Diabetes Remission Occurs in About 1-in-20, Scottish Study Finds

An analysis of data from more than 160k adults with type 2 diabetes in Scotland provides insight into the incidence of diabetes remission and factors associated with increased likelihood of achieving remission.

An analysis of more than 160,000 patients aged 30 years or older with type 2 diabetes is providing insight into contemporary trends in diabetes remission and factors associated with increased likelihood of achieving diabetes remission.

Results of the study, which suggest around 1-in-20 patients with diabetes were able to achieve remission, provide valuable insight to clinicians and providers as the obesity and diabetes epidemics continue to grow across the world.

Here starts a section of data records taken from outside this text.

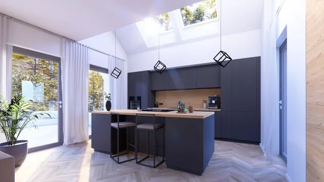 Im Erdgeschoss dieses Einfamilienhauses empfängt Sie ein großzügiges und offenes Wohnzimmer, das nahtlos ins Esszimmer und anschließend in die Küche übergeht. Diese lichtdurchflutete Raumgestaltung schafft eine einladende Atmosphäre, ideal für gesellige Abende mit Familie und Freunden. Von hier aus hat man zudem Zugang zur Terrasse. Ein besonderes Highlight des Hauses ist das große Carport, das nicht nur ausreichend Platz für Fahrzeuge bietet, sondern auch zusätzlichen Stauraum schafft. Im Dachgeschoss befinden sich zwei helle Kinderzimmer. Ein gemeinsames Badezimmer sorgt für zusätzlichen Komfort für die kleinen Bewohner. Das große Schlafzimmer für die Eltern ist ein Rückzugsort der Extraklasse, denn es verfügt über ein integriertes Badezimmer und eine angrenzende Ankleide. Unser Design 13.2 vereint durchdachte Raumkonzepte mit modernen Designelementen und schafft so ein Zuhause, das sowohl stilvoll als auch praktisch ist.
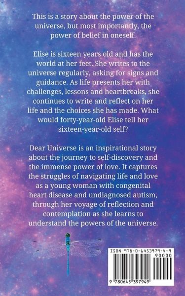 This is a story about the power of the universe, but most importantly, the power of belief in oneself. Elise is sixteen years old and has the world at her feet. She writes to the universe regularly, asking for signs and guidance. As life presents her with challenges, lessons and heartbreaks, she continues to write and reflect on her life and the choices she has made. What would forty-year-old Elise tell her sixteen-year-old self? Dear Universe is an inspirational story about the journey to self-discovery and the immense power of love. It captures the struggles of navigating life and love as a young woman with congenital heart disease and undiagnosed autism, through her voyage of reflection and contemplation as she learns to understand the powers of the universe.
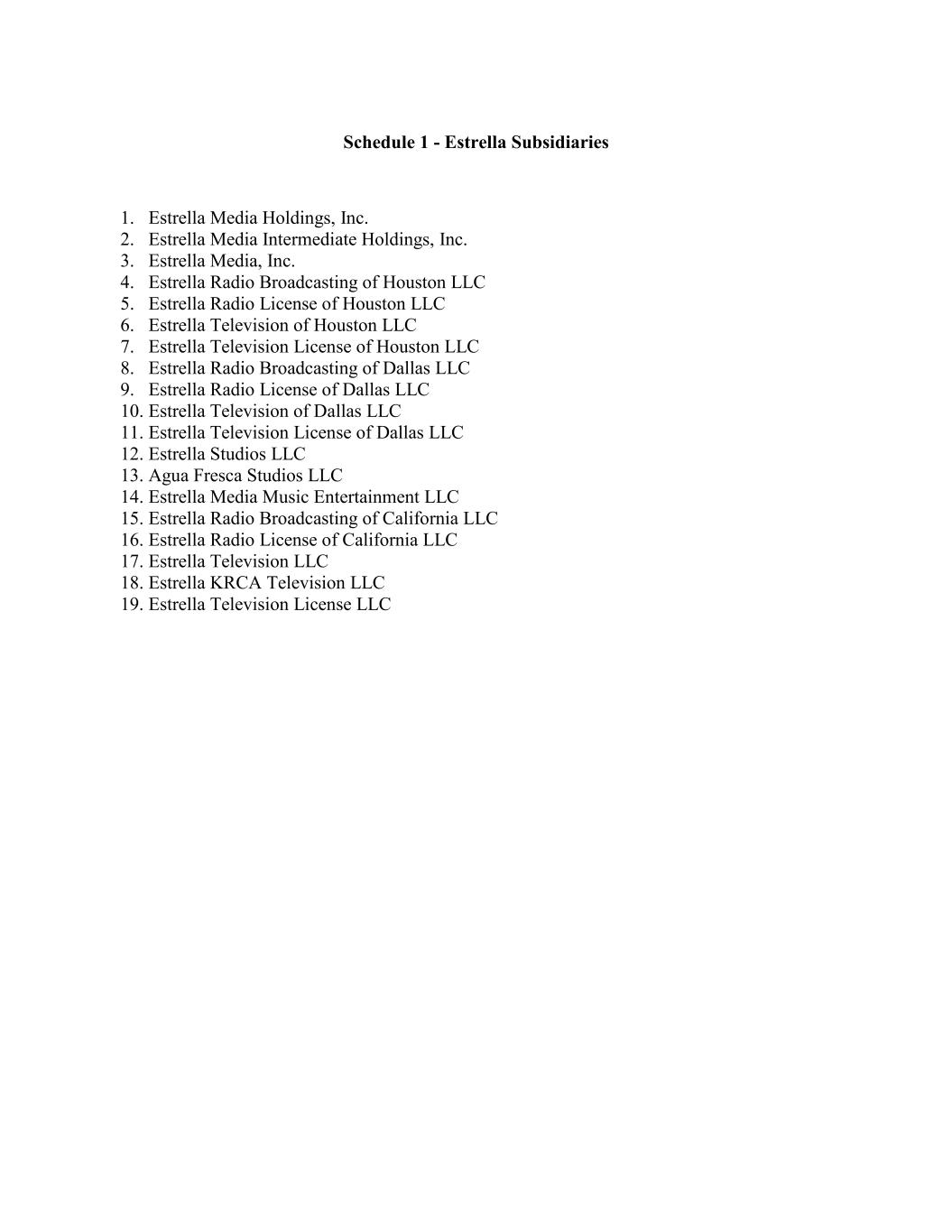 Schedule 1 - Estrella Subsidiaries 1. Estrella Media Holdings, Inc. 2. Estrella Media Intermediate Holdings, Inc. 3. Estrella Media, Inc. 4. Estrella Radio Broadcasting of Houston LLC 5. Estrella Radio License of Houston LLC 6. Estrella Television of Houston LLC 7. Estrella Television License of Houston LLC 8. Estrella Radio Broadcasting of Dallas LLC 9. Estrella Radio License of Dallas LLC 10. Estrella Television of Dallas LLC 11. Estrella Television License of Dallas LLC 12. Estrella Studios LLC 13. Agua Fresca Studios LLC 14. Estrella Media Music Entertainment LLC 15. Estrella Radio Broadcasting of California LLC 16. Estrella Radio License of California LLC 17. Estrella Television LLC 18. Estrella KRCA Television LLC 19. Estrella Television License LLC

“We have been able to show, for the first time, that 1 in 20 people in Scotland with type 2 diabetes achieve remission. This is higher than expected and indicates a need for updated guidelines to support clinicians in recognizing and supporting these individuals,” said lead investigator Mireille Captieux, MBChB, of the University of Edinburgh, in a statement.

As the prevalence of diabetes continues to grow, developing a greater understanding of factors associated with increased likelihood of remission and contemporary trends in the prevalence of remission stands to have a substantial impact on the lives of patients and health systems as a whole. With this in mind, Captieux and colleagues from the University of Edinburgh designed a cross-sectional study with the aim of estimating prevalence of remission among adults aged 30 years and older from within the Scottish Care Information-Diabetes (SCI-Diabetes) registry, which is a population-level registry with National Health System primary and secondary care data.

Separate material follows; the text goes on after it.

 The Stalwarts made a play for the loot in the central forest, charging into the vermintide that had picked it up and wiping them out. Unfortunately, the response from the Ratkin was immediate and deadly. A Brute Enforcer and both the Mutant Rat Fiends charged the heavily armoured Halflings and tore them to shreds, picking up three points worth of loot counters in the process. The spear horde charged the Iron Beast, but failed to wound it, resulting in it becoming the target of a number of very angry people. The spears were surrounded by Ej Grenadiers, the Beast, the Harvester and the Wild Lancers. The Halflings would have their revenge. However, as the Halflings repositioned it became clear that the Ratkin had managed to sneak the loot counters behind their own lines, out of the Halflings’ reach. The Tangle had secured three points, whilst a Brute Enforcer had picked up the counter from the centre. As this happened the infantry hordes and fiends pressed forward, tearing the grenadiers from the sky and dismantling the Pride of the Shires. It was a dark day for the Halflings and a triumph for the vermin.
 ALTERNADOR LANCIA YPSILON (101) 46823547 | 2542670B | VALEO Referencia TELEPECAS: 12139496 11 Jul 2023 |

To limit the impact of changing diagnosis criteria, investigators only included patients with an HbA1c recording at or above 6.5% or 48 mmol/mol at some point from initial diagnosis to 2019. Ultimately, 162,316 patients were identified and met inclusion criteria for the primary analysis. The primary outcome of interest for the study was the remission of type 2 diabetes, which was assessed between January 1, 2019, and December 31, 2019. The criteria for remission of diabetes was an HbA1c below 6.5% to 48 mmol/mol in the absence of glucose-lowering therapy (GLT) for a continuous duration of 1 year or more from the time of diagnosis to the date of the last recorded HbA1c in 2019.

Investigators noted 56% of the 162,316-patient cohort were 65 years of age or older, 64% had diabetes for 6 years or longer, and the median BMI at diagnosis was 32.3 kg/m2. Investigators also pointed out 74% of the cohort was white and 19% of the cohort had missing ethnicity data.

Upon analysis, investigators identified 7710 (4.8%) patients meeting criteria for diabetes remission.Further analysis suggested multiple factors, including older age (OR, 1.48 [95% CI, 1.34-1.62]; P <.001), HbA1c below 48 mmol/mol at diagnosis (OR, 1.31 [95% CI, 1.24-1.39]; P <.001), no previous history of GLT (OR, 14.6 [95% CI, 13.7-15.5]; P <.001), weight loss from diagnosis to 2019 (OR, 4.45 [95% CI, 3.89-5.10]; P <.001), and previous bariatric surgery (OR, 11.9 [95% CI, 9.41-15.1]; P <.001).

Of note, the reduction in odds based on age was observed when comparing those aged 75s or older to the 45-54 years group, the reduction based on HbA1c was compared to those with an HbA1c of 48-52 mmol/mol at diagnosis, and the reduction based on weight loss was comparing those with a weight loss of 15 kg or more compared to those with a weight loss of 0-4.9 kg.

“Our findings provide a useful basis for the evaluation of the multifactorial approaches to both remission and prevention of diabetes that are currently being introduced and also highlight the need for guidelines to support definition of remission, management, and follow-up of people that achieve remission,” wrote investigators in their conclusion.

This study, “Epidemiology of type 2 diabetes remission in Scotland in 2019: A cross-sectional population-based study,” was published in PLOS Medicine.